### Task item
Below are records to give again exactly; omit each image they contain.

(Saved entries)
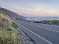 This stunning image captures the scenic beauty of the Pacific Coast Highway in California, USA. The photo was taken at dawn, showcasing the clear sky and the highway winding along the coastal terrain. The road surface, made of asphalt, contrasts with the lush grass and rugged mountains in the background. The image also features the sparkling waters of the Pacific Ocean and the towering cliffs. In the distance, contrails can be seen against the clear sky. This photo represents the emotional experience of driving through the breathtaking landscapes of Big Sur along the Pacific Coast Highway.
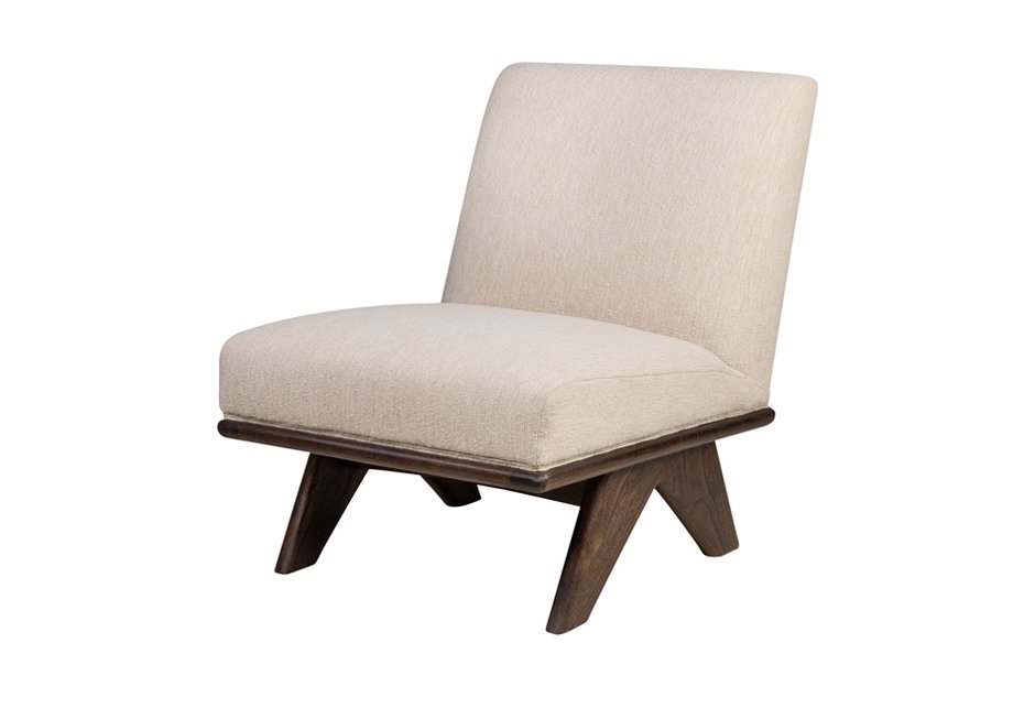 Armchair with base made of wood mindi in brown color and fabric seat. Available in dimensions 60x84x76h cm.
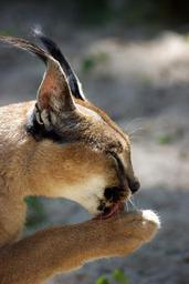 Keywords: caracal michaelis cat predator paw rest licking ears the nose language mustache
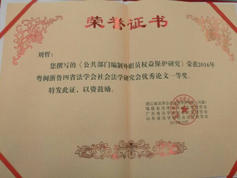 11月26日,魯浙閩粵四省法學會社會法學研討會2016年聯會暨浙江省法學會社會法學研究會第二屆會員大會在溫州大學隆重舉行,會議由溫州大學法政學院、溫州市社會科學界聯合會、溫州市法學會社會法學研究會承辦。來自山東、浙江、福建、廣東、北京、吉林、遼寧、江蘇、上海等省市和我國臺灣地區、美國密蘇里大學哥倫比亞校區的特邀代表近100人參會,我校政法學院院長、廣東省法學會社會法學研究會副會長王繼遠博士攜政法學院劉哲、翁凱二位本科生應邀參會。此次會議的主題為“共享發展與社會法治”, 大會分三個分論壇進行專題研討,大會共收到論文近80篇。王繼遠博士還擔任第二組“社會保障法前沿問題”分小組會議的評議人,劉哲同學應邀在大會上作主題發言。會議還評選出優秀論文一、二、三等獎,由王繼遠博士指導,我校本科生劉哲同學所撰寫的論文《公共部門編制外職員權益保護研究》經過嚴格的匿名評審,被評為本屆聯會優秀論文一等獎。(文/圖 政法學院)
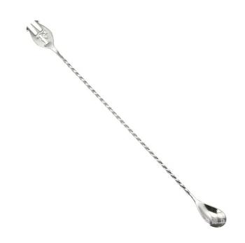 Барная ложка-вилка Cocktail design | Коктейль Дизайн с эмблемой F 40 см. Барная ложка с наконечником вилкой. Используется для накалывания долек фруктов, ягод и других ингредиентов. Хорошо сбалансирована, изготовлена без сварных швов, единой металлической конструкцией.
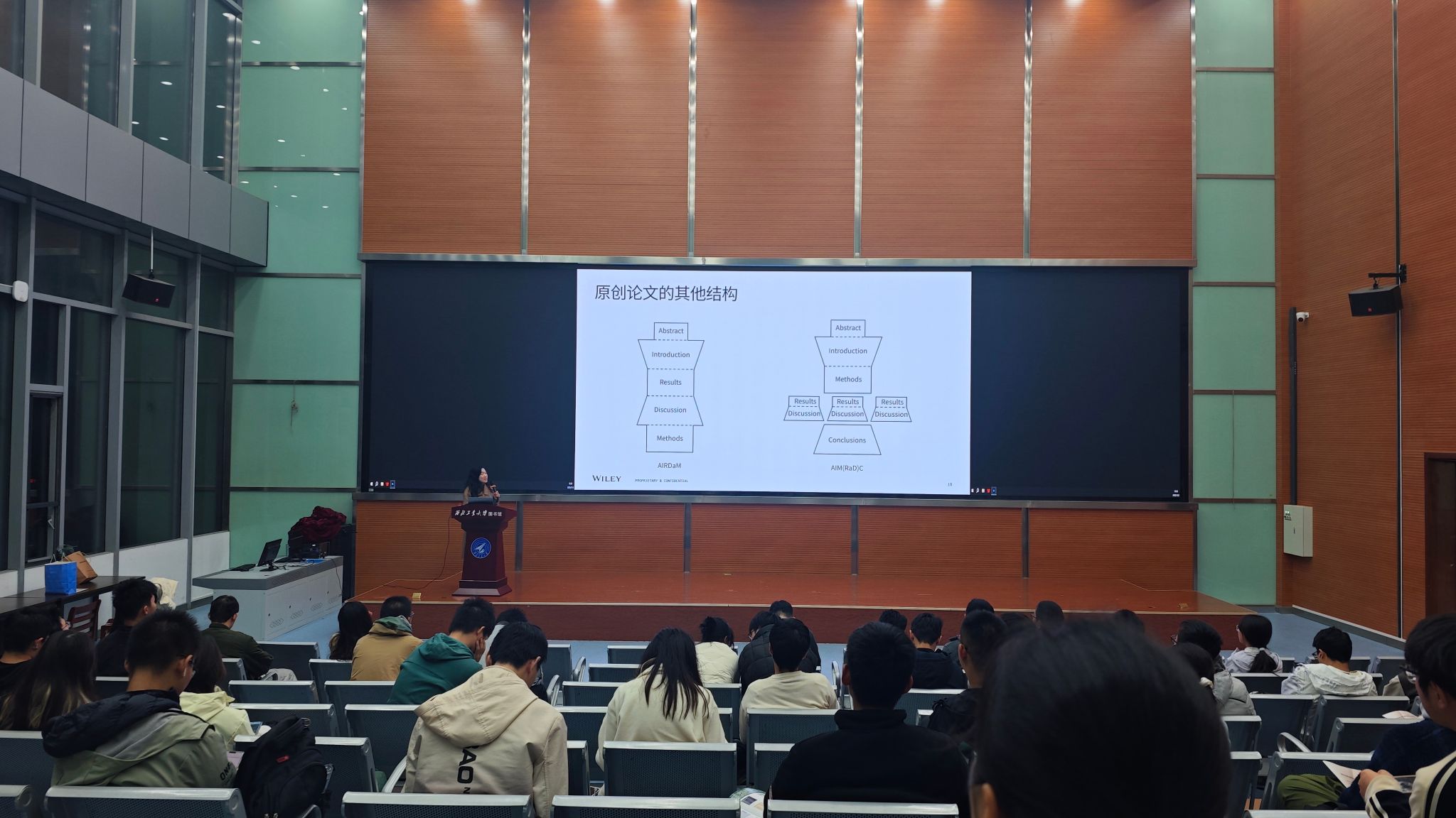 讲座特邀Wiley中国区市场部解决方案顾问丁楠老师担任主讲。丁老师围绕“从‘不敢写’到‘顺利投’:英文论文写作入门精讲”主题,系统讲解了英文论文写作与投稿的全流程。在掌握英文论文的“通用公式”部分,丁老师深入解析了IMRaD结构的叙事逻辑。她指出:“论文写作不仅是展示数据,更是构建一个环环相扣的科研故事。引言需清晰锚定研究价值,结果与讨论则要形成有力的证据链,直接回应核心科学问题。”随后,她围绕材料与方法、结果、讨论、创新性等模块,逐一剖析各部分的写作要点与常见误区,帮助学生建立规范、清晰的写作思维。在“导航投稿全流程”环节,丁老师从研究领域与创新点出发,讲解了期刊选择的策略,详细解析了同行评审流程的运作机制,以及如何专业、得体地撰写回复信,切实提升论文被接收的几率。此外,丁老师以Wiley数据库为例,现场演示了科研检索新范式,并分享了Wiley数据库实用检索技巧,助力同学们高效科研。

### Exercise answer
 This stunning image captures the scenic beauty of the Pacific Coast Highway in California, USA. The photo was taken at dawn, showcasing the clear sky and the highway winding along the coastal terrain. The road surface, made of asphalt, contrasts with the lush grass and rugged mountains in the background. The image also features the sparkling waters of the Pacific Ocean and the towering cliffs. In the distance, contrails can be seen against the clear sky. This photo represents the emotional experience of driving through the breathtaking landscapes of Big Sur along the Pacific Coast Highway.
 Armchair with base made of wood mindi in brown color and fabric seat. Available in dimensions 60x84x76h cm.
 Keywords: caracal michaelis cat predator paw rest licking ears the nose language mustache
 11月26日,魯浙閩粵四省法學會社會法學研討會2016年聯會暨浙江省法學會社會法學研究會第二屆會員大會在溫州大學隆重舉行,會議由溫州大學法政學院、溫州市社會科學界聯合會、溫州市法學會社會法學研究會承辦。來自山東、浙江、福建、廣東、北京、吉林、遼寧、江蘇、上海等省市和我國臺灣地區、美國密蘇里大學哥倫比亞校區的特邀代表近100人參會,我校政法學院院長、廣東省法學會社會法學研究會副會長王繼遠博士攜政法學院劉哲、翁凱二位本科生應邀參會。此次會議的主題為“共享發展與社會法治”, 大會分三個分論壇進行專題研討,大會共收到論文近80篇。王繼遠博士還擔任第二組“社會保障法前沿問題”分小組會議的評議人,劉哲同學應邀在大會上作主題發言。會議還評選出優秀論文一、二、三等獎,由王繼遠博士指導,我校本科生劉哲同學所撰寫的論文《公共部門編制外職員權益保護研究》經過嚴格的匿名評審,被評為本屆聯會優秀論文一等獎。(文/圖 政法學院)
 Барная ложка-вилка Cocktail design | Коктейль Дизайн с эмблемой F 40 см. Барная ложка с наконечником вилкой. Используется для накалывания долек фруктов, ягод и других ингредиентов. Хорошо сбалансирована, изготовлена без сварных швов, единой металлической конструкцией.
 讲座特邀Wiley中国区市场部解决方案顾问丁楠老师担任主讲。丁老师围绕“从‘不敢写’到‘顺利投’:英文论文写作入门精讲”主题,系统讲解了英文论文写作与投稿的全流程。在掌握英文论文的“通用公式”部分,丁老师深入解析了IMRaD结构的叙事逻辑。她指出:“论文写作不仅是展示数据,更是构建一个环环相扣的科研故事。引言需清晰锚定研究价值,结果与讨论则要形成有力的证据链,直接回应核心科学问题。”随后,她围绕材料与方法、结果、讨论、创新性等模块,逐一剖析各部分的写作要点与常见误区,帮助学生建立规范、清晰的写作思维。在“导航投稿全流程”环节,丁老师从研究领域与创新点出发,讲解了期刊选择的策略,详细解析了同行评审流程的运作机制,以及如何专业、得体地撰写回复信,切实提升论文被接收的几率。此外,丁老师以Wiley数据库为例,现场演示了科研检索新范式,并分享了Wiley数据库实用检索技巧,助力同学们高效科研。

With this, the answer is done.